![logo](https://lh3.googleusercontent.com/drive-viewer/AK7aPaD3ufeMCQTD1-doWtQSHK8snQjgqYdAscSL7mNuLmhVVAoDmdbuV5Z1eG_j5-vT4N64bUvfOrHjuw-3WrS532FsUSu9=s1600)

# Data Science Assessment

## Theoretical Part

### Question 1
#### You are given thousands of images like the one in the link below:
#### https://drive.google.com/file/d/1Q7ri0UcGmtsfYiAJ1hb8fI0bLdmsYMNi/view?usp=sharing
#### Describe the method you would use for getting key information from each product image.

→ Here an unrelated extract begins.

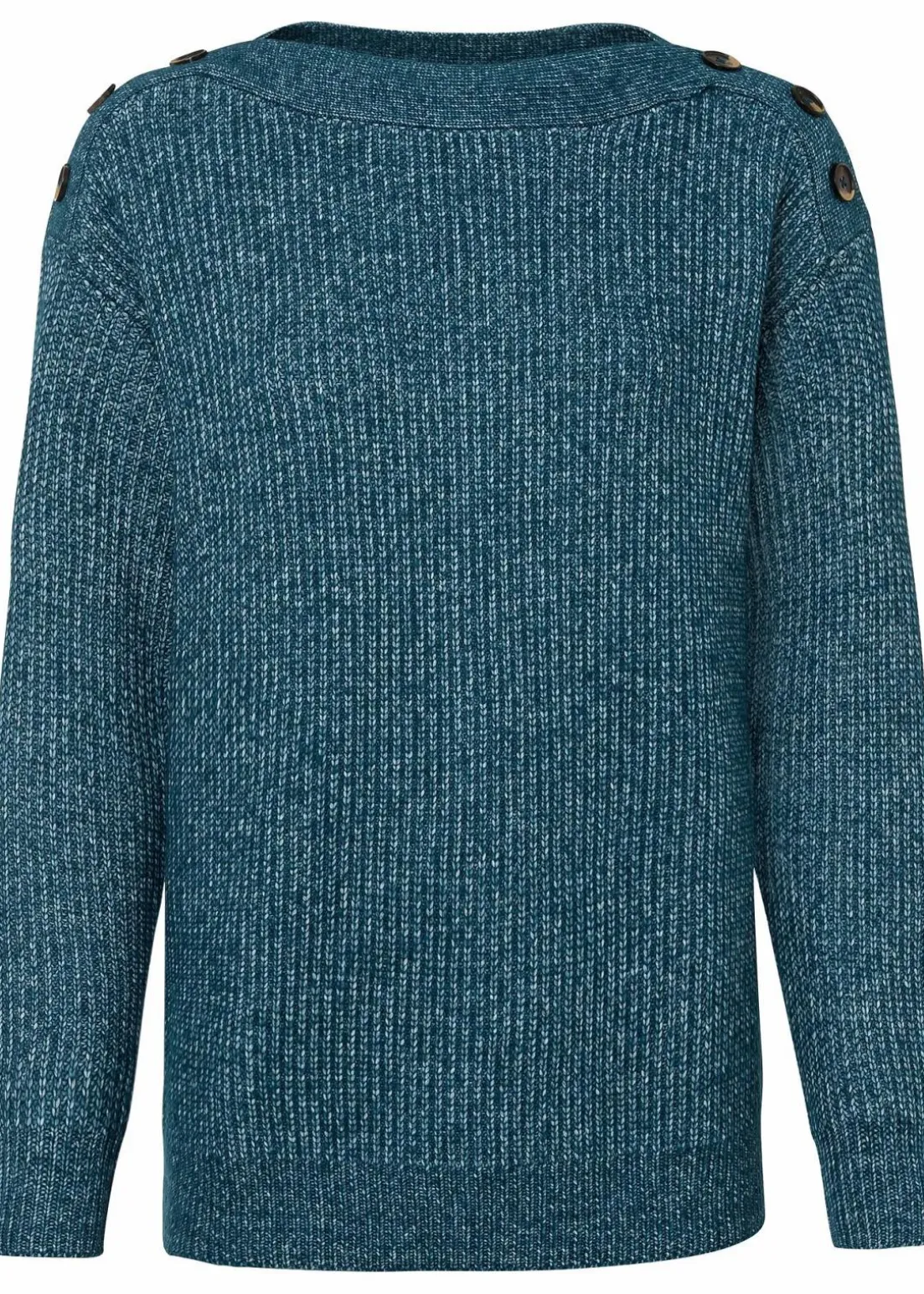Schöner Pullover mit Knöpfen von Bodyflirt. Der Pullover hat einen U-Boot Ausschnitt, der am Ende mit Knöpfen verziert ist. Optische Länge bei Gr. 36/38 ca. 64cm.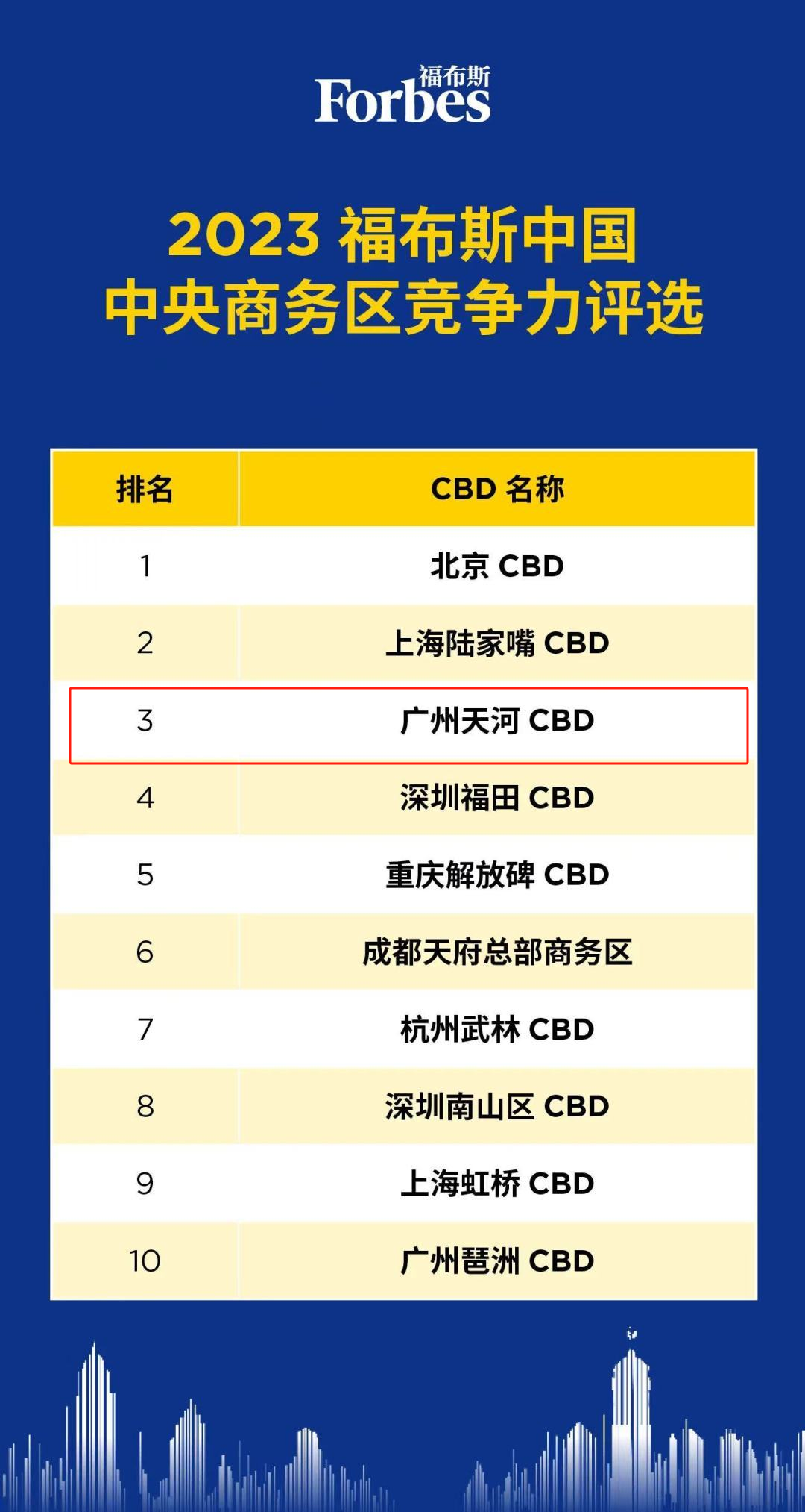 11月28日,福布斯中国正式发布 “2023福布斯中国商务中心区竞争力评选”结果,其中广州天河CBD位列第三。

To extract key information from product images, we could use the following pipeline of procedures: 

1 Image Preprocessing:
- Enhance image quality and adjust brightness/contrast if necesary.
- Check for alternative angles for the product, in order to process all images of the same product as a group.
    
2 Object Detection: 
- Use pre-trained object detection models (such as YOLO) to identify and locate objects with the image
- Identify the main (target) object and ignore text boxes, banners and additional marketing elements.

3 Image Segmentation:
- Employ deep learning segmentation and/or edge detection techniques to divide the image into meaningful regions.
- Identify the product's boundaries, in order to detect the packaging type (bottle, box, etc) to record it.

4 Feature Extraction:
- Use pattern matching or train a classificiation model to identify specific markers (e.g. US GROWN) on the packaging.
- Use another model to identify markers that indicate applicable discounts.

5 Text Extraction:
- Use optical character recognition (OCR) to extract text information from the product image, such as product names, descriptions and other labels.
- Additionally detect information such as volume, weight and nutritional information.

6 Classification:
- Train a classification model to categorize products (e.g. beverage, rice, pasta, etc).
  
7 Quality Control:
- Implement checks to ensure the accuracy of the information extracted.
- Address false positives/negatives and refine the model if necessary.

8 Integration with database: 
- Store the extracted information in a structured format and integrate it into a database.
  
9 Maintenance:
- Update and retrain the models with new data to adapt to changes in the product images.tem category


### Question 2
#### One of our customers is interested in monitoring the grocery section of a direct competitor, Target, in the state of New York.
#### https://www.target.com/
#### Target is a huge website with tons of data publicly available. Suggest three valuable insights that we can be capturing by scraping the website on a daily basis.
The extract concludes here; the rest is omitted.